That's a brilliant question, to which we really should know the answer!

Here are the two pathways, as described by a member of that Community Energy Group:

GAS 
  1. Gas supplied to the gas grid 
  2. % GAS GRID LOSS FACTOR 
  3. Gas available at domestic property 
  4. Gas burnt to produce heat 
  5. % GAS BOILER EFFICIENCY (range 60-95%) 
 
ELECTRICITY – generated in a gas fired power station 
  1. Gas supplied to power station 
  2. Electricity generated 
  3. % POWER STATION EFFICIENCY 
  4. Electricity supplied to grid  
  5. % ELECTRICITY GRID LOSS FACTOR 
  6. Electricity available at domestic property 
  7. Electricity consumed to produce heat 
  8. % ASHP EFFICIENCY (range 300-500%) 

 

I've written to Wales & West Utilities to ask if they have figures for the efficiency of moving gas through their pipe networks from a typical LNG Terminal such as Milford Haven or Canvey Island.

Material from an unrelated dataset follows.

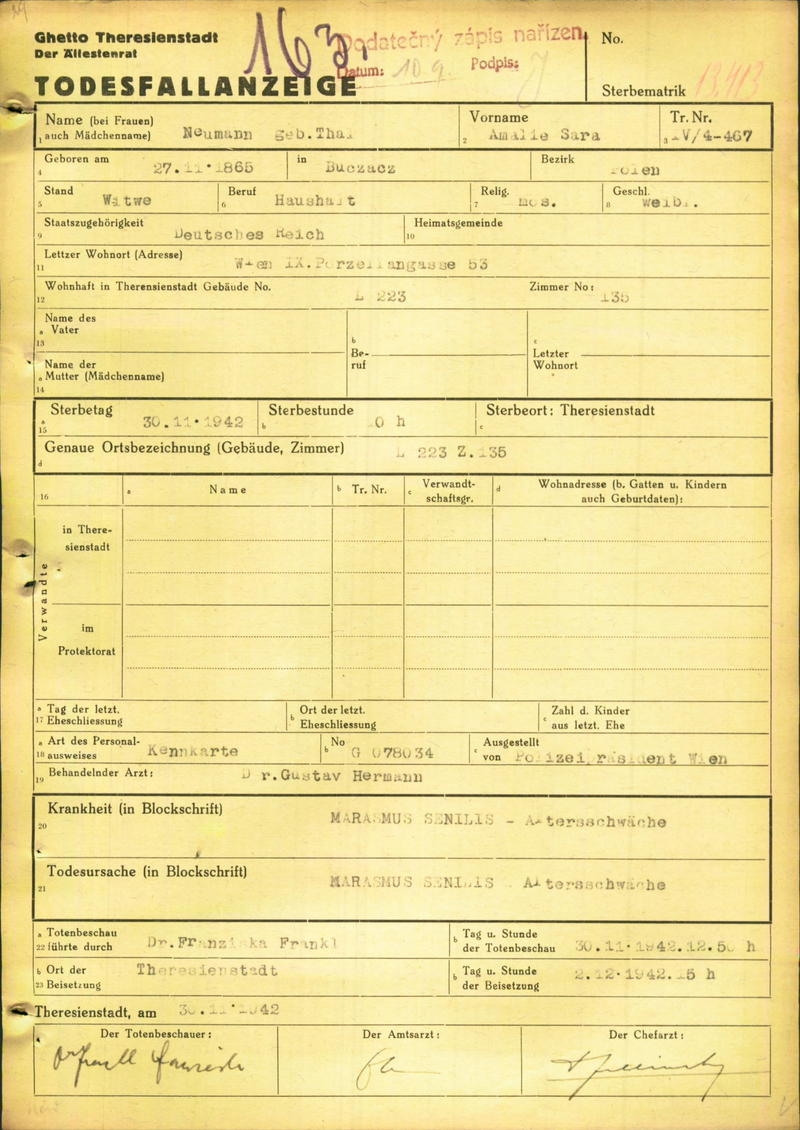 Neumann Amalie: Oznámení o úmrtí, ghetto Terezín

I can derive the efficiency of electricity through the Distribution Network because I have access to National Grid's in-house data (Thank-you NGED!)
I'll return to that in a subsequent post.

The next piece of information I'd really appreciate is the efficiency of a gas-turbine generation plant.
I'm aware that this figure differs considerably between open-cycle and closed-cycle, and I also don't know how long it takes before closed-cycle operation can commence.
If @derek-m is reading this, can you please provide an explanation?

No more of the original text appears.